Andy Lauber, a Chai Lifeline mental health counselor who was Raphi’s friend, told me of Raphi’s vision of greatness despite the indescribable yissurim. It was on a Wednesday immediately following a harrowing surgery. Raphi refused to take any pain mediation, despite the pleas from his mother, who knew how much pain he was in.

Andy was sent to the hospital to speak to him and try to persuade him to take the medications to alleviate the pain. Raphi refused and explained why: “It’s Wednesday, and I see Shabbos coming. If I am taking the pain meds, the doctors will keep me here for a few more days and I won’t be home for Shabbos. I’ll endure the pain now, so they’ll think I’m better and they will send me home to spend Shabbos with my family.”

The foxes were crawling through the pain of his illness, but he only saw the serenity and beauty of Shabbos.

Reb Dovid Sklar, of blessed memory, lost his sight toward the last decades of his life. He was a distinguished philanthropist, whose contributions helped establish and sustain many Torah institutions. At his grandson’s graduation, a rabbi who was sitting next to him tapped him on the shoulder and pointed out something interesting that was going on up on stage.

Reb Dovid replied, “I’m sorry. I have low vision and can’t see that far.”

In a moment, the rabbi, who knew Reb Dovid well, quipped back, “You are mistaken. Your sight may be impaired, but you have great vision.”

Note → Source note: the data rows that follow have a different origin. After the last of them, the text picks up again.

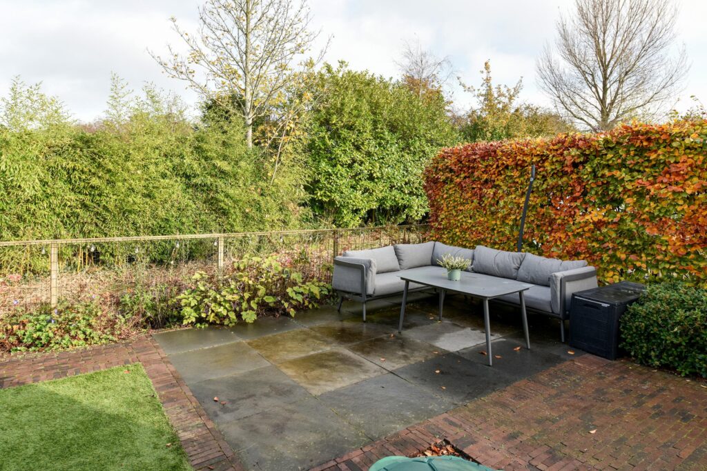 Fraaie verzorgde tuin met meerdere terrassen om op ieder moment van de dag een zonnestraal mee te kunnen pikken.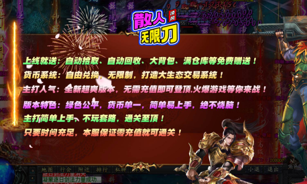 3、经典爆装机制,怪物掉落装备直接显示在地面,抢装备捡宝贝全凭手速,完美还原当年打宝激情,稀有神装可交易或拍卖。
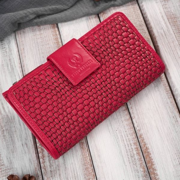 Portfel damski skórzany w kolorze malinowym duży pleciony Paolo Peruzzi AY-08-RD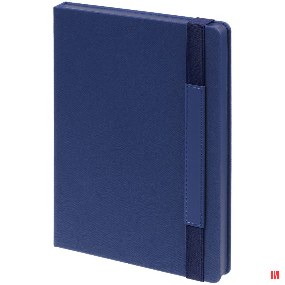 Ежедневник с твердой обложкой, выполнен из материала Nice Touch, синий, дополнен резинкой с лейблом из материала Soft Touch Ultra и ляссе в цвет обложки.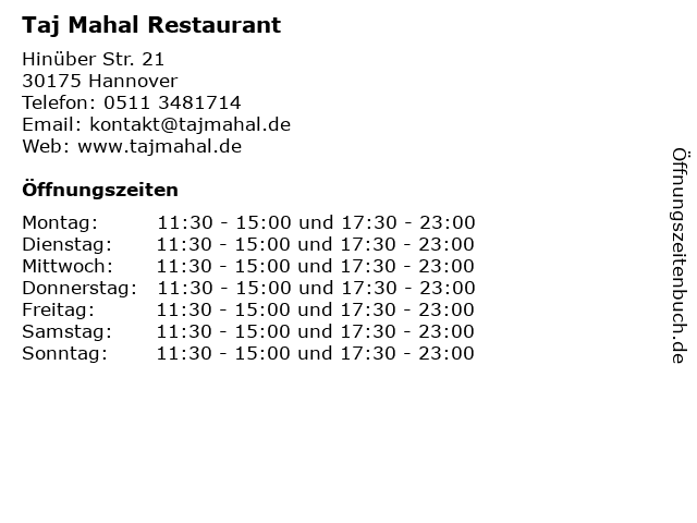 ᐅ Offnungszeiten Taj Mahal Hinuberstr 21 In Hannover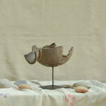 Bhinn is a quiet celebration of form shaped by time. Crafted from reclaimed wooden vessels that once held purpose in traditional kitchens, each sculpture bears the marks of age, worn edges, missing segments, and softened curves. Elevated on a slender iron stand, Bhinn invites reflection on impermanence, resilience, and quiet beauty. No two pieces are alike, making each one a soulful accent with a story to tell.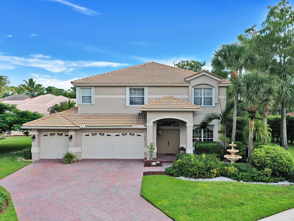 This stunning home will impress any buyer. Situated on a prime corner lot within a cul-de-sac, this home boast 3500sf under air.Upgraded features include water views, new exterior & interior paint, high end crown molding & baseboards throughout, new window treatments family room & kitchen.Spacious kitchen 42''raised panel wood cabinets,granite countertops & backsplash & waterfall edge, double oven, walk in pantry, updated Stainless Steel appliances, oversized designer kitchen sink & double oven, new microwave & pull out drawers on various cabinets. Bonus features include huge master suite w/extra room (possible 5th bedroom), central vacuum, laundry shoot, accordion shutters 2nd floor, hurricane panels for 1st floor, newly sealed paver driveway, alarm system & beautiful waterfall fountain. Gated community within walking distance to "A" rated schools.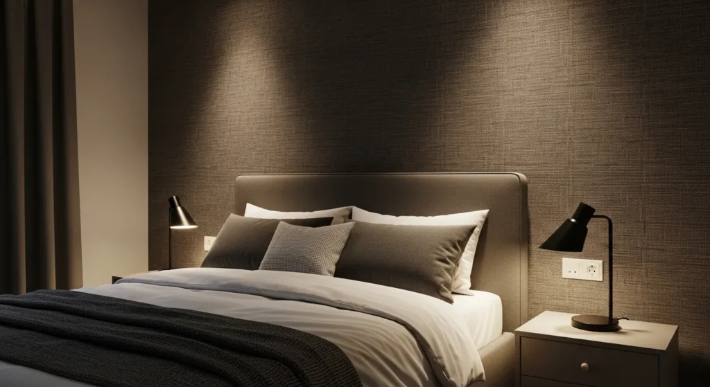 Pair with warm wood furniture, soft bedding, and ambient lighting to maintain intimacy. This approach balances moody richness with comfort, creating a bedroom that feels both luxurious and restful.
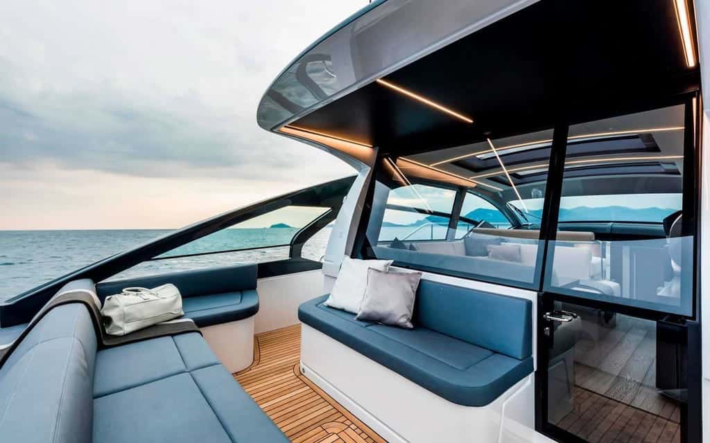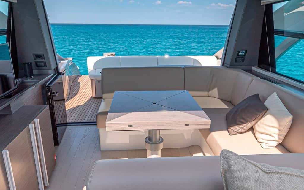 El diseño del Pershing 5X está pensado para disfrutar cada momento: la cubierta ofrece generosos espacios para compartir, ya sea bajo la sombra en el área de asientos o extendido al sol, con la tranquilidad de saber que todo está dispuesto para el máximo confort. La tripulación, siempre atenta, permite entregarse plenamente al placer de navegar sin preocupaciones, transformando cada instante a bordo en una experiencia memorable.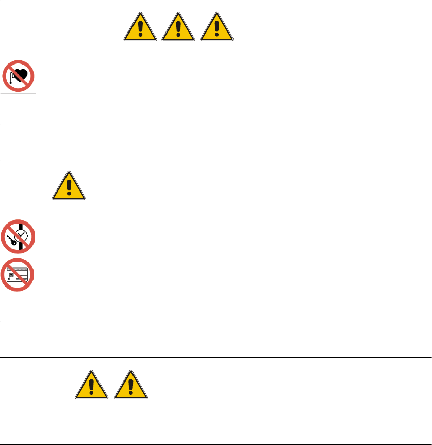 ○ y 轴的永久磁铁具有极大的磁场。佩戴心脏起搏器的人员不得在永久磁铁附近停留。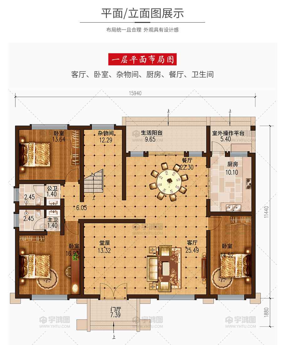 | 開間:15.94米 | 進深:13.32米 | 占地面積:182.4平方米 | 建筑面積:511平方米 |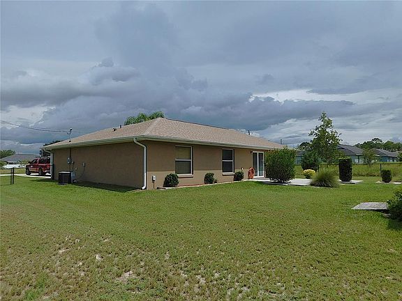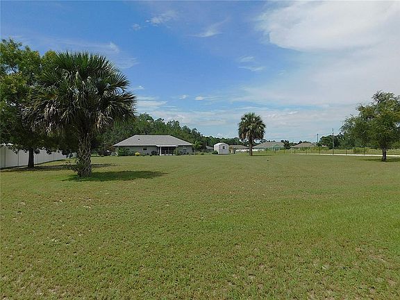 MOVE-IN READY 3BR/2BA/2GA HOME ON .24 ACRE LOT... WITH EXTRA .47 ACRE CLEARED LOT!! What a fantastic opportunity to add another home for family or a dream workshop/garage for storage... Newer roof! Newer HVAC! No Carpet! Open floor plan! Completely Fenced! This home has been meticulously cared for and features screened front porch entry, great room with vaulted ceilings & sliders to a designed back patio, great kitchen layout w/updated appliances, pantry closet, eat-at bar & dining area, primary suite w/walk-in closet & BA w/designer tile shower, 2 guest bedrooms w/double closets, guest bath w/tub combo, inside laundry room w/washer, dryer & storage cabinets.. Double garage with auto opener & long driveway.. Beautiful backyard is completely fenced with large storage shed, matching covered well pump and cleared with palm trees.. This property consists of 2 parcels with one being a cleared .47-acre lot with double gates for whatever your heart desires (house, garage, pool).. Neutral finishes throughout the home, upgraded ceiling fans in every room, upgraded window coverings, sliding doors with blind inserts, whole-house gutters/downspouts.. Close to shopping, banking & schools.. THIS IS THE ONE!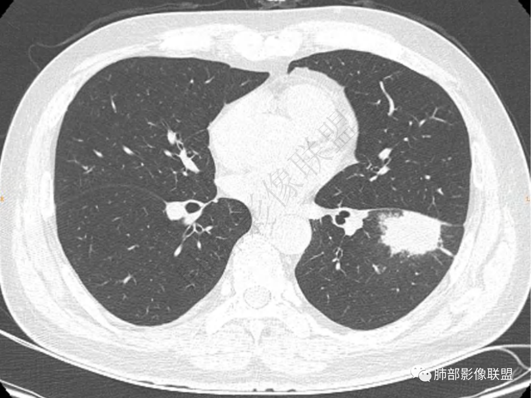 左下肺肿块,边界不清,可见晕征及软毛刺,紧貼叶间胸膜但胸膜无牵拉移位,引流支气管管壁增厚,结节内有支气管穿行,显著强化,并见血管飘浮,纵隔窗肿块有平直及u型凹陷,综和考虑1.隐球菌,2.OP併脓肿,3.病史长,年龄大,淋巴瘤也要排除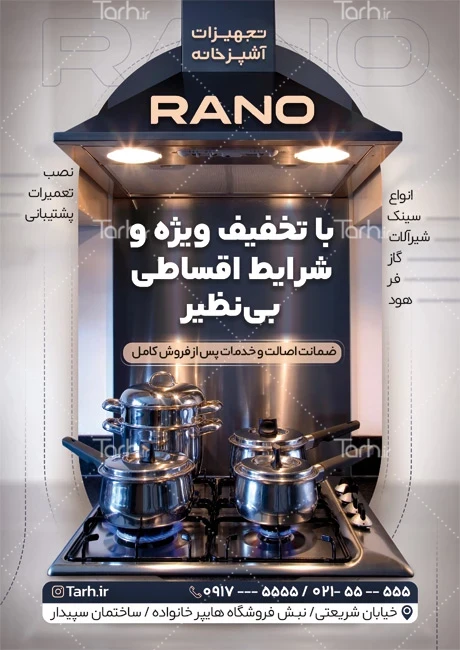 فایل لایه باز تراکت تجهیزات آشپزخانه با فرمت psd و قابل ویرایش در نرمافزار فتوشاپ بهصورت لایه باز توسط تیم طراحان طرح دات آی آر طراحی شده است. در نمونه تراکت تجهیزات آشپزخانه از تصاویر و المانهای باکیفیت و متناسب با استاندارد چاپ استفادهشده، همچنین نکات مهم در طرح تراکت تجهیزات آشپزخانه مانند رنگبندی، رعایت حاشیه، فاصلهها، فضای کافی برای درج متن، سایز و نوع فونت مناسب طراحی تراکت و ... رعایت گردیده است. طرح لایه باز تراکت فروشگاه هود سینک گاز شامل عکس گاز و هود میباشد که المانهای استفادهشده در طرح تراکت فروشگاه هود سینک گاز قابلیت ویرایش، جابهجایی و تغییر سایز را دارا بوده و شما میتوانید متناسب باسلیقه خودتان تراکت لایه باز تجهیزات آشپزخانه را ویرایش نمایید، همچنین با تغییر تصاویر و متنها میتوانید طرح تراکت فروش لوازم آشپزخانه را به طرح تراکت کسب و کار مد نظر خود شخصی سازی نمایید.

Whether it was the Ponovezher Rov, who laid the foundations of his yeshiva as the Nazis were marching through Africa on the way to the Middle East, or Rav Aharon Kotler, who laid the seeds of the greatest makom Torah in the world during a time when rabbis across America were preparing their eulogies for Torah Jewry in this country, they saw the glory despite the foxes. Rav Aharon saw a Torah metropolis with one of the largest yeshivos in history, with thousands of students and their families who would make Lakewood their home.

The Satmar Rov did not see a dozen broken Hungarian Jews sitting around an old table at his first melavah malkah in America in 1946. He saw a dynasty of tens of thousands of chassidim in Brooklyn, Monroe and around the world, and an ever-burgeoning population of chassidim and innumerable shteiblach and yeshivos that would perpetuate the mesorah of the alter heim.

Despite the sadness of the moment, they heard the klop. No Tachanun. It’s a mo’ed! We feel the Yom Tov in the churban. We see the glory despite the foxes.

When the gabbai klops on the bimah and announces, “No Tachanun,” think about Rabi Akiva laughing among the ruins.

And then say the next lines, whether it is on Tisha B’Av or Shabbos Nachamu, with intense kavanah: “Vayehi binsoa ha’aron…. Kumah Hashem veyafutzu oyvecha—Arise, Hashem, and may Your enemies be scattered, and may those who hate You flee from You!” with the coming of Moshiach. Amein.